上面代码中的runCleaner（）方法就是将我们CleanerTask加入任务队列中

  public Boolean runCleaner() {
    CleanerTask task = new CleanerTask(this.oldFileDir, true);
    POOL.submit(task);
    return task.join();
  }

LogCleaner 日志清理类

LogCleaner类是清理日志数据，LogCleaner 父类 CleanerChore 类中的私有类CleanerTask（该类继承RecursiveTask类，不做过多介绍，想了解的可以百度 ForkJoinTask ）, 的 compute()方法是定时清理的关键，这里获取了所有oldWALs目录下的文件，并进行选择性删除

@Override
    protected Boolean compute() {
      LOG.trace("Cleaning under " + dir);
      List<FileStatus> subDirs;
      List<FileStatus> tmpFiles;
      final List<FileStatus> files;
      try {
        // if dir doesn't exist, we'll get null back for both of these
        // which will fall through to succeeding.
        subDirs = FSUtils.listStatusWithStatusFilter(fs, dir, new FileStatusFilter() {
          @Override
          public boolean accept(FileStatus f) {
            return f.isDirectory();
          }
        });
        if (subDirs == null) {
          subDirs = Collections.emptyList();
        }
        //获取oldWALs目录下文件
        tmpFiles = FSUtils.listStatusWithStatusFilter(fs, dir, new FileStatusFilter() {
          @Override
          public boolean accept(FileStatus f) {
            return f.isFile();
          }
        });
        files = tmpFiles == null ? Collections.<FileStatus>emptyList() : tmpFiles;
      } catch (IOException ioe) {
        LOG.warn("failed to get FileStatus for contents of '" + dir + "'", ioe);
        return false;
      }

      boolean allFilesDeleted = true;
      if (!files.isEmpty()) {
        allFilesDeleted = deleteAction(new Action<Boolean>() {
          @Override
          public Boolean act() throws IOException {
            //files 是oldWALs目录下所有文件
            return checkAndDeleteFiles(files);
          }
        }, "files");
      }

      boolean allSubdirsDeleted = true;
      if (!subDirs.isEmpty()) {
        final List<CleanerTask> tasks = Lists.newArrayListWithCapacity(subDirs.size());
        for (FileStatus subdir : subDirs) {
          CleanerTask task = new CleanerTask(subdir, false);
          tasks.add(task);
          //任务
          task.fork();
        }
        allSubdirsDeleted = deleteAction(new Action<Boolean>() {
          @Override
          public Boolean act() throws IOException {
            return getCleanResult(tasks);
          }
        }, "subdirs");
      }

      boolean result = allFilesDeleted && allSubdirsDeleted;
      // if and only if files and subdirs under current dir are deleted successfully, and
      // it is not the root dir, then task will try to delete it.
      if (result && !root) {
        result &= deleteAction(new Action<Boolean>() {
          @Override
          public Boolean act() throws IOException {
            return fs.delete(dir, false);
          }
        }, "dir");
      }
      return result;
    }

上一步中调用了 checkAndDeleteFiles(files) 方法，该方法的作用是：通过每个清理程序运行给定的文件，以查看是否应删除该文件，并在必要时将其删除。
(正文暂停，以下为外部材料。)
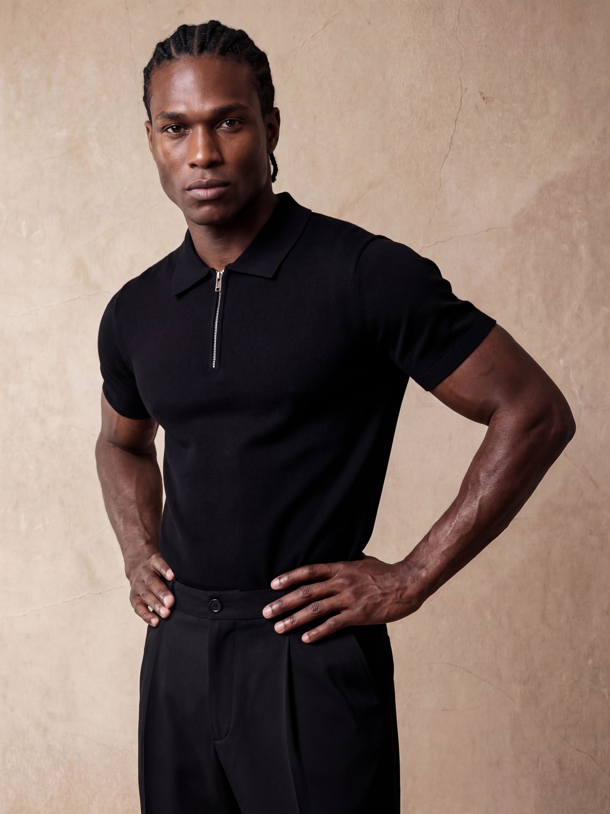 Half-Zip Knit Polo | Black
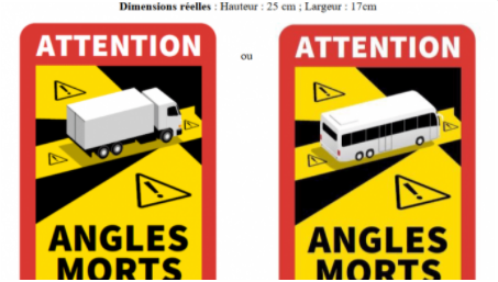 Comme prévu, un arrêté ministériel du 5 janvier 2021 rend obligatoire pour tous les véhicules lourds de plus de 3,5 tonnes l'apposition d'un panneau visible sur les côtés et à l'arrière du véhicule indiquant la position des angles morts.
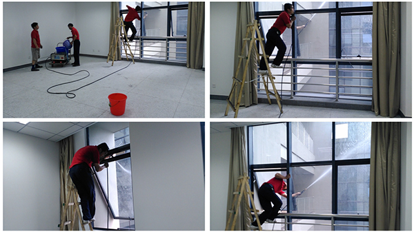 使用玻璃刮,抹水器,無泡玻璃水,強力清洗劑,徹底清除污垢,包括窗框清理,保護膜的清理,窗戶縫的清洗,對一些頑固的水泥點膠質(zhì)可用玻璃鏟刀去除,藥水中有防靜電成分,經(jīng)擦拭過的玻璃、窗框晶瑩光亮,不沾灰。
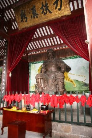 大殿銅像上面,懸掛了“力扶漢鼎”的牌匾。銅像前,游客多將紅布結(jié)系到銅像前的欄桿上,祈求平安。此間百姓將張將軍奉為神明,船夫漁民更是虔誠(chéng),張飛生日、逢年過(guò)節(jié)都要焚香供奉。傳說(shuō)張飛在云陽(yáng)幾次顯靈,除了那次讓張鵬翮膜拜,還有一次是明末張獻(xiàn)忠率大軍沿長(zhǎng)江進(jìn)軍四川,張飛一腳立江中,一腳立云陽(yáng)縣城,不讓張獻(xiàn)忠入川。張飛在長(zhǎng)江上便名聲大噪,成了保佑過(guò)往船只一路平安的神靈。
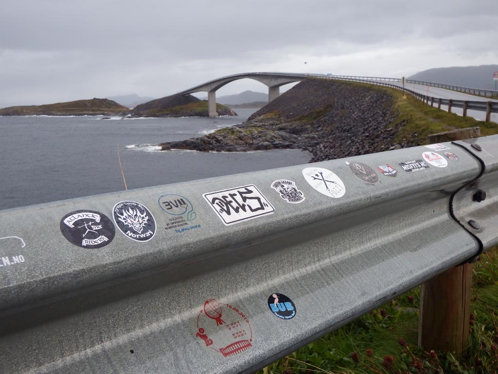I fjor tok Statens vegvesen vekk hundrevis klistremerker fra all verdens land på autovernet på holmen ved fiskebruene her på Atlanterhavsveien. I 2020 har klubber og foreninger som har slike merker satt opp sine bumerker . Slik er det bare, og vil vel fortsette går vi ut fra. ( Foto: Boa/BN)
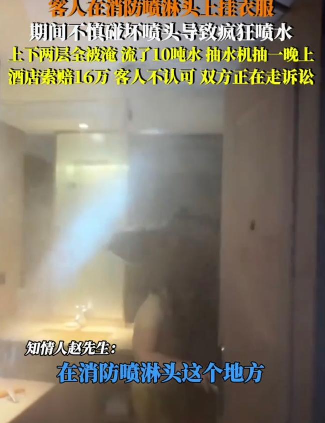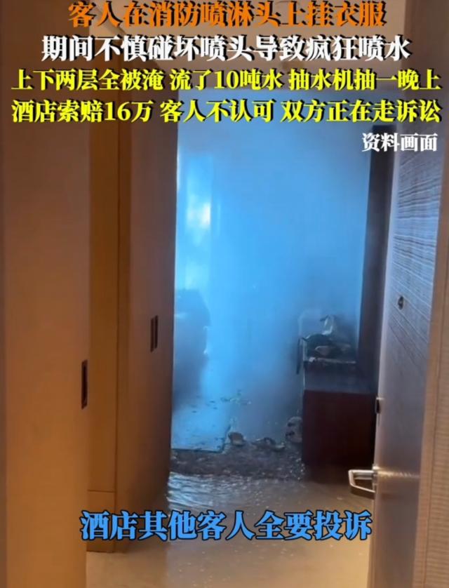 晾个衣服的代价太大了!10月12日报道,国庆期间,一位客人在消防喷头上晾衣服,不料闯下大祸,消防喷头被损坏流了10吨水,淹了宾馆上下两层楼10余间房,被宾馆索赔16万元。客人认为金额太大不认可,双方协商不成,只得通过法律途径提起诉讼解决此事。网友:说实话16万赔偿真心不多,赶紧赔吧,不然赔得还更多。 10月12日中安在线报道,国庆假期,浙江一位游客入住一家酒店后,在酒店房间里晾衣服,找了一圈没找到合适挂衣的地方,于是这位客人把湿衣挂在了天花板上的消防喷淋头上。 谁知道就这么一挂,喷淋头的红色玻璃球装置被碰坏了,水流瞬间喷涌而出,酒店工作人员发现后立即关闭了阀门,但管道里储存的水还是源源不断地流出来,足足有10吨之多。 现场的情况相当惨烈,水流从天花板倾泻而下,很快就淹没了整个房间,接着渗透到楼下,最终波及上下两层楼的10多个房间,酒店动用抽水机连续工作了一整夜,才把积水清理干净。 更糟糕的是事发时正值国庆黄金周,酒店本来客满为患,突如其来的水灾让其他住客纷纷要求退房退款,受损的房间短期内无法继续营业,酒店的损失可想而知。 经过初步核算酒店方面提出了16万元的赔偿要求,这个数字包括了房间修复费用、设备更换、停业损失等多项开支,但这位客人觉得金额太高,双方谈不拢最后只能对簿公堂。 说起来这种事并不罕见,贵阳曾有住客因为同样的原因赔了2000元,大连的一起案例赔偿金额达到1万多元,法院在处理这类纠纷时,通常会认定住客存在过错,需要承担相应的赔偿责任。 消防喷淋系统的作原理其实很简单,喷头内部有一个充满特殊液体的玻璃球,正常情况下它能承受一定压力,但当温度升高到设定值,或者受到外力撞击时,玻璃球就会破裂,触发喷水装置,这套系统设计精密反应灵敏,就是为了在火灾发生时能够第一时间启动。 游客作为成年人,理应知道消防设施不能随意触碰,更不能当作晾衣架使用。 也有网友质疑,既已经关闭了阀门,为什么还会流出10吨水,这说明酒店的应急管理可能存在改进空间,正常情况下发现喷头破损后,10分钟内就应该能够关闭相应区域的供水系统,不至于造成如此大的损失。 至于16万元的赔偿金额是否合理,需要看具体的损失清单,两层楼10多个房间的装修维护、地板更换、电路检修,再加上黄金周期间的营业损失,这个数字可能还真不算离谱,有网友甚至认为如果严格计算各项损失,最终赔偿可能远不止16万。 这起事故给所有人敲响了警钟,入住酒店时千万别把消防设施当成普通的生活用品,那些看起来像挂钩的东西,可能是烟感探测器,天花板上的喷头更是碰不得的。 对酒店来说除事后索赔,更应该在预防上下功夫,比如在房间里配备晾衣架,在消防设施附近贴上醒目的警示标识,入住时主动提醒客人注意事项,毕竟防患于未然总比事后补救要好得多。 这件事的最终结果如何,还要等法院判决,但无论赔多少钱这个教训都足够深刻了,出门在外多一份小心总没错。 麻烦看官老爷们右上角点击一下“关注”,既方便您进行讨论和分享,又能给您带来不一样的参与感,感谢您的支持!
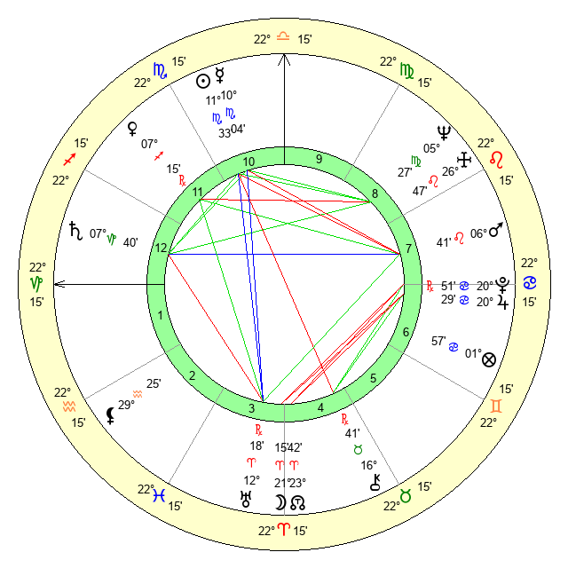 | Neptune | 5 Virgo 28 | 29 Pisces 42 | 4 Virgo 51 |
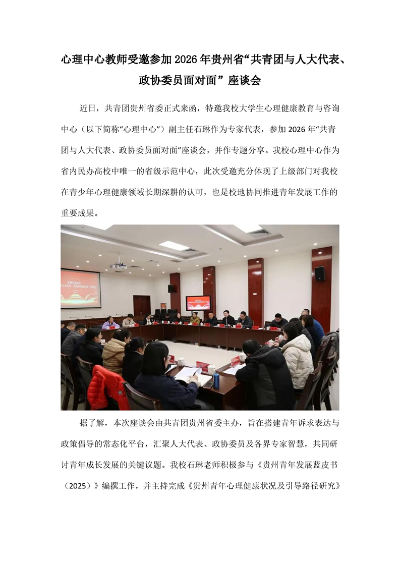 心理中心教师受邀参加2026年贵州省“共青团与人大代表、政协委员面对面”座谈会
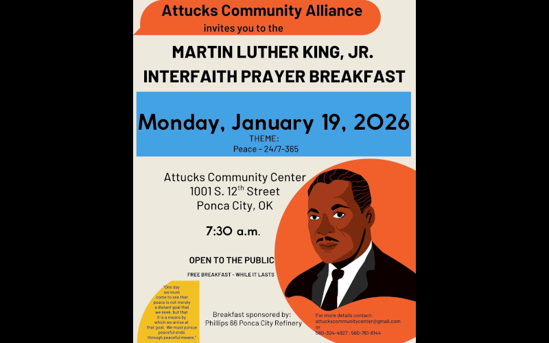 The Attucks Community Alliance invites the community to come together in reflection and unity at the Martin Luther King, Jr. Interfaith Prayer Breakfast on Monday, January 19, 2026, at 7:30 a.m. at the Attucks Community Center (1001 S. 12th Street, Ponca City).
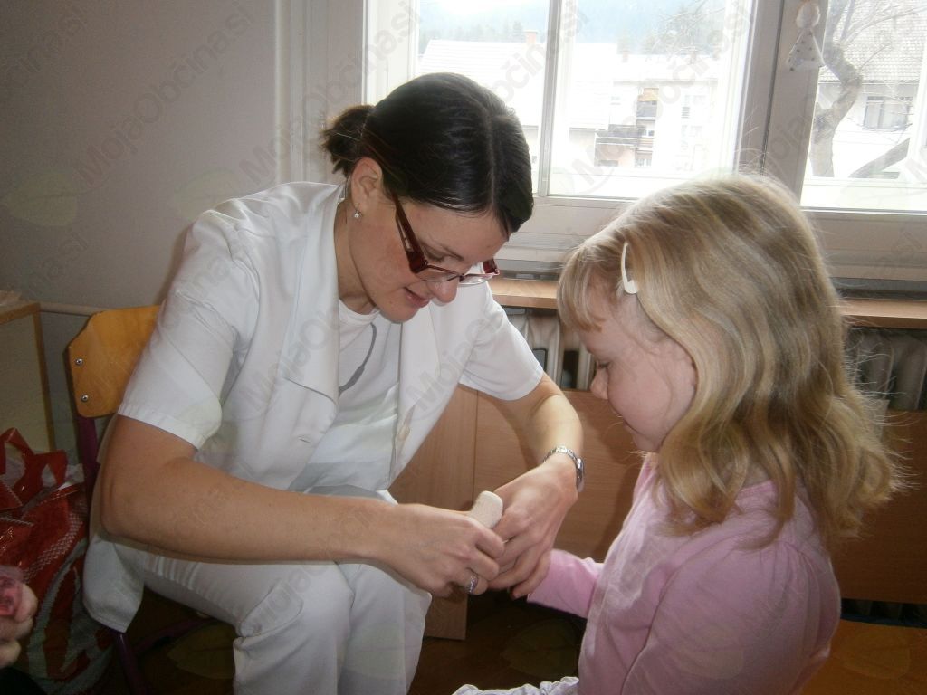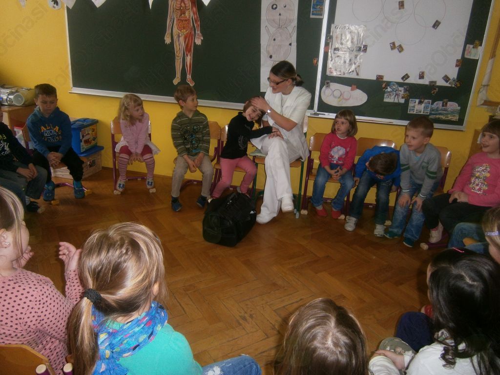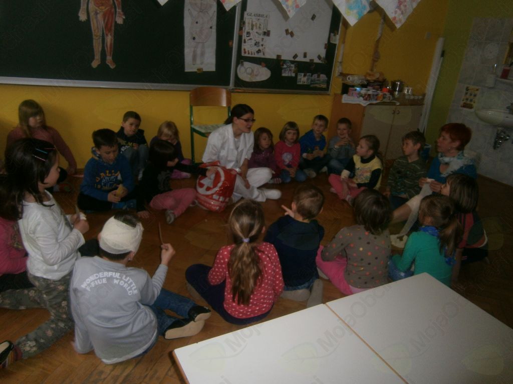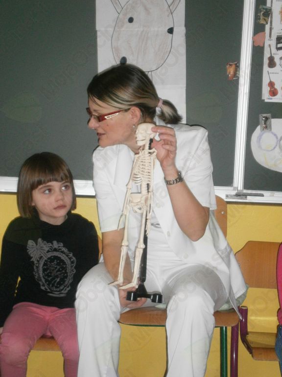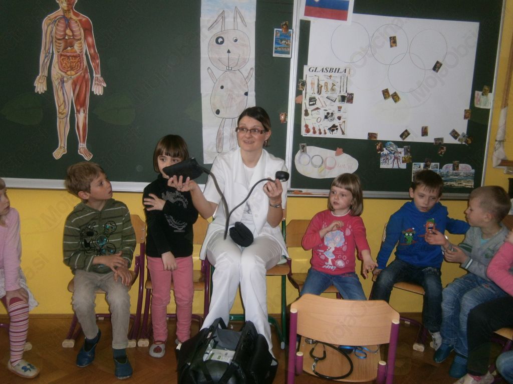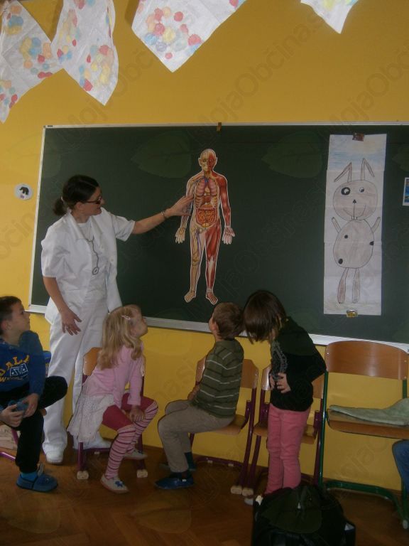 Človek je del družbenega okolja, v katerem raste, živi, deluje. Da lahko otroci sodelujejo z okoljem in vplivajo nanj, morajo najprej spoznati bližnje družbeno okolje; vsakdanje življenje ljudi, družinsko življenje, delovna okolja in poklice,… (povzeto po kurikulu). V starosti petih, šestih let se je enostavno spremeniti v zdravnico/ka. Svoje telo in funkcijo okončin že dobro poznamo, a pokukati med notranje organe, odkriti hrbtenico, medenico, žile, mišice, šteti kosti na modelu okostnjaka, ga pravilno sestaviti pa ni kar tako. Po strpnem čakanju v čakalnici, smo imeli možnost obiskati zdravnico, ji zaupati svoje težave, se odpraviti v lekarno po zdravila in vse to kar v igralnici.

输入参数是所有oldWALs目录下的文件

 /**
   * Run the given files through each of the cleaners to see if it should be deleted, deleting it if
   * necessary.
   * 通过每个清理程序运行给定的文件，以查看是否应删除该文件，并在必要时将其删除。
   * @param files List of FileStatus for the files to check (and possibly delete)
   * @return true iff successfully deleted all files
   */
  private boolean checkAndDeleteFiles(List<FileStatus> files) {
    if (files == null) {
      return true;
    }

    // first check to see if the path is valid
    List<FileStatus> validFiles = Lists.newArrayListWithCapacity(files.size());
    List<FileStatus> invalidFiles = Lists.newArrayList();
    for (FileStatus file : files) {
      if (validate(file.getPath())) {
        validFiles.add(file);
      } else {
        LOG.warn("Found a wrongly formatted file: " + file.getPath() + " - will delete it.");
        invalidFiles.add(file);
      }
    }

    Iterable<FileStatus> deletableValidFiles = validFiles;
    // check each of the cleaners for the valid files
    for (T cleaner : cleanersChain) {
      if (cleaner.isStopped() || getStopper().isStopped()) {
        LOG.warn("A file cleaner" + this.getName() + " is stopped, won't delete any more files in:"
            + this.oldFileDir);
        return false;
      }

      Iterable<FileStatus> filteredFiles = cleaner.getDeletableFiles(deletableValidFiles);
      
      // trace which cleaner is holding on to each file
      if (LOG.isTraceEnabled()) {
        ImmutableSet<FileStatus> filteredFileSet = ImmutableSet.copyOf(filteredFiles);
        for (FileStatus file : deletableValidFiles) {
          if (!filteredFileSet.contains(file)) {
            LOG.trace(file.getPath() + " is not deletable according to:" + cleaner);
          }
        }
      }
      
      deletableValidFiles = filteredFiles;
    }
    
    Iterable<FileStatus> filesToDelete = Iterables.concat(invalidFiles, deletableValidFiles);
    return deleteFiles(filesToDelete) == files.size();
  }

ReplicationLogCleaner 日志清理类

checkAndDeleteFiles方法中又调用了 cleaner.getDeletableFiles(deletableValidFiles) ，getDeletableFiles方法在ReplicationLogCleaner类下，是判断哪些文件该删除，哪些不该删除，删除条件就是文章开头提出的是否在参与复制中，如果在参与则不删除，不在则删除。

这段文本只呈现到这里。